A file system manages data that is meant to be stored after a program
terminates by giving prodedures to read, write, and update data on the
device(s) that contain it. What makes a filesystem effective? How can
we measure and increase performance of filesystems?
Storage devices can come in many different styles, this lecture focuses on two of the
most popular:
1) Disk
2) Flash
CPU speed grows exponentially while HDD speeds is closer to linear. We have
incommensurate scaling, which suggests our HDD can bottleneck our system.
This means increasing operations of these storage devices can give a huge boost in performance in our system. There are many ways to do this with each method having its own set of tradeoffs. We can change our device itself to provide faster mechanical operations, or we could change our filesystem which manages the procedures and algorithms for our data is read or written onto these devices.

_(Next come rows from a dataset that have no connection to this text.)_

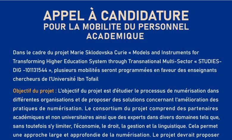 The post Appel à Candidature appeared first on Univesité Ibn Tofail.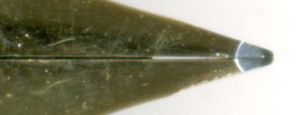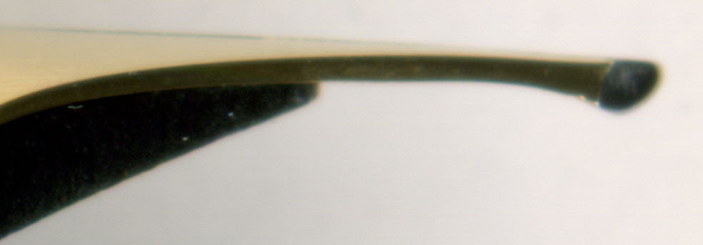 ペン先先端を斜め下から見た画像じゃ。如何に酷い削りかわかろう。ペン先の両端をヤスリでガリガリ削ったうえ、先端部も真っ直ぐ斜めに削ってある。これはサンドペーパーで削ったとしか思えない。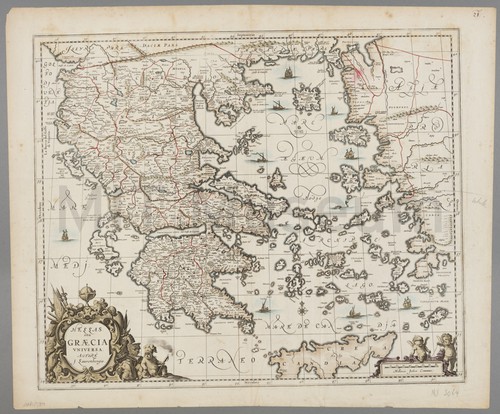 Hessas seu Graecia Universa Hand-colored, copperplate engraved map of the region of Greece, Crete, and the …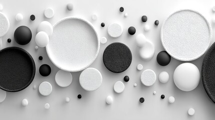 Abstract Black and White Circles and Spheres 3D Render Background for Modern Design and Technology Concepts

Note: Prices are higher than usual due to Thailand floodings
Disk: Seagate Barracuda XT 3TB (~$290 or ~$.10/GB):
- 3,907,029,160 sectors
- 64 MiB cache
- 7200 RPM (120 Hz)
- 138 Mb/s sustained data transfer rate
- 300 Gs non-operating shock
- 300 g in weight
- 4.16 ms average latency
- 8.5 ms random read seek time
- 9.5 ms random write seek time
- Unrecoverable read errors occur 1 in 1014 reads
- 9.23 watts operating, 6.39 watts idle
Have the controller take care of it. This provides a nice abstraction but can run into performance issues.
Have the OS (CPU) take care of it. Better performance at the cost of complexity.
Solid-State Device (NAND Flash): Corsair Force 60GB (~$135 or $2.25/GB)
- 1000 Gs shock
- 80 g in weight
- 280 MB/s sequential read
- 270 MB/s sequential write
- 1,000,000 hours mean time between failures
- 2 watts operating, 0.5 watts idle
As you can see SSD beat disks in almost every measure except for price. How can we get the best of both hard disk drives and solid-state devices? Hybrid drives are hard disk drives with a small SSD that acts as a buffer. Hybrid drives have a lower price-per-gigabyte compared to a comparable SSD and better performance than a disk drive.
Let's say we are given the following code:
// Assume n=n1, n = sizeof buf for sake of simplicity
char buf[8192];
for (;;) {
lseek (ifd, randomlocation, SEEK_SET);
read (fd,buf, sizeof buf);
n1 = compute (buf, n);
lseek (ofd, otherrandom, SEEK_SET);
write (ofd, buf, n1);
}
This reads 8MB from a given location. What are some of the sources of slowness from this?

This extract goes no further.